Naive Forecasting

The Naive model is extremely simple - take the last observed value and use this as the prediction. For such a basic model it can prove to be quite powerful. For example, here in Perth, we can forecast whether it is going to rain or not by using a naive model. If it rained today, then we forecast that it will rain tomorrow, and vice versa. Using this model we end up being correct about 80% of the time.
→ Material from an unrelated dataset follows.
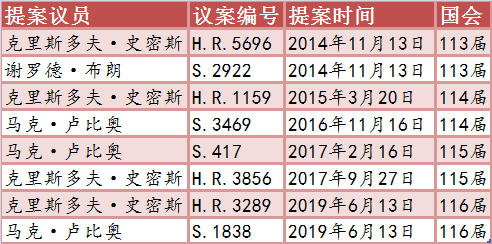 最近的一次是在2019年6月13日,盧比奧和史密斯兩人,同時在參眾兩院發起議案,內容一模一樣。

MON TUE WED THU FRI SAT SUN FORECAST (MON)
🌧️ 🌧️ ☀️ ☀️ ☀️ 🌧️ 🌧️ 🌧️

First we will explore a naive forecast and then see if we can improve our predictive powers using a seasonal naive forecast.

M5 Dataset

We'll use the M5 dataset hosted by Kaggle to run through a naive forecast. The M5 dataset contains the sales figures for Walmart for 1919 days and the goal of the Kaggle competition is to accurately guess the following 28 days of sales. We'll first read in the sales figures using Pandas.

import numpy as np
import pandas as pd

sales = pd.read_csv('data/sales_train_validation.csv')
print(sales.shape)
sales.head()
(30490, 1919)
id item_id dept_id cat_id store_id state_id d_1 d_2 d_3 d_4 ... d_1904 d_1905 d_1906 d_1907 d_1908 d_1909 d_1910 d_1911 d_1912 d_1913
0 HOBBIES_1_001_CA_1_validation HOBBIES_1_001 HOBBIES_1 HOBBIES CA_1 CA 0 0 0 0 ... 1 3 0 1 1 1 3 0 1 1
1 HOBBIES_1_002_CA_1_validation HOBBIES_1_002 HOBBIES_1 HOBBIES CA_1 CA 0 0 0 0 ... 0 0 0 0 0 1 0 0 0 0
2 HOBBIES_1_003_CA_1_validation HOBBIES_1_003 HOBBIES_1 HOBBIES CA_1 CA 0 0 0 0 ... 2 1 2 1 1 1 0 1 1 1
3 HOBBIES_1_004_CA_1_validation HOBBIES_1_004 HOBBIES_1 HOBBIES CA_1 CA 0 0 0 0 ... 1 0 5 4 1 0 1 3 7 2
4 HOBBIES_1_005_CA_1_validation HOBBIES_1_005 HOBBIES_1 HOBBIES CA_1 CA 0 0 0 0 ... 2 1 1 0 1 1 2 2 2 4

5 rows × 1919 columns

The first six columns are identifiers for each product - a unique store-product id, item id, and then which department, category, store and state it belongs to. Following that are the unit sales recorded for 1913 days for the 30490 products.

Implementing a Naive Model

A Naive model takes the last observed value and uses it as the forecast. So to start off with, we'll grab the last column of the sales dataframe.

naive = sales.iloc[:,-1]

Easy.

Measuring the Error

We've got the values we're going to use for the forecast, we need a metric to gauge how accurate we are. Kaggle uses the WRMSSE for the error measurement, which is a weighted and scaled RMSE. You can find out more about it in the WRMSSE tutorial.

For now, we'll go along with submitting it to Kaggle. But later we will use the m5-wrmsse package as it will be a lot quicker.

Let's have a peek at the sample submission file that Kaggle has supplied.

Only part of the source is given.